Company providers like Verizon and AT&T are trying to get around the Net
Neutrality Act that was based, an act that was supposed to have unrestricted
information sharing and services. You might be thinking “what’s the big deal?”
and the big deal is that these Internet providers could scrap services like
Netflix and Youtube if they wanted.
“Sohn said that if Verizon has its way, it and
other providers like Comcast or AT&T could “play favorites,” by blocking or
degrading services such as YouTube or Netflix to promote their own offerings or
that of their partners.”
This is a
huge deal with a huge debate. These companies could choke the services that we
value so much and replace them with their own, costlier versions. Of course,
the lawyers from these companies claim that they would create bundle packages
like the ones that exist for sports channels. The lawyers are also up in arms
about the fact the FCC does not have the legal authority to impede on them this
way.
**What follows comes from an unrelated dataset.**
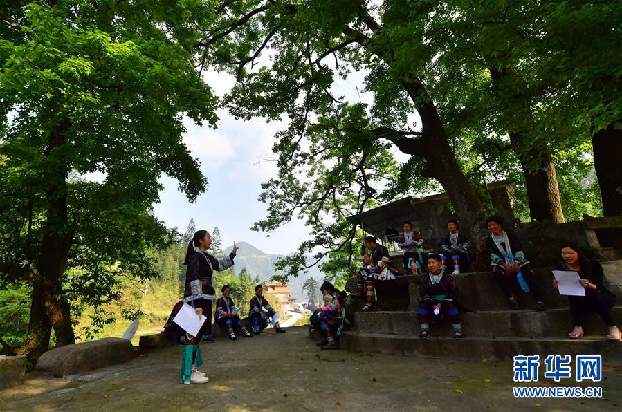 在党鸠村桂黔乌英苗寨大枫树下,梁孟香(左一)在培训公开课上讲课(4月16日摄)。新华社记者黄孝邦摄

Congress approved the Open Internet bill, but that makes the providers
beholden to Congress alone, not the FCC. On top of that, they claim that the
price of broadband will be reduced, not increased, because the consumers will
not be buying the full subsidized cost of larger Internet services like Google
and YouTube.
I think
those lawyers are full on nonsense and that we would in fact see a greatly
reduced and discriminated against Internet through these providers and if not
for these providers, how will we get Internet?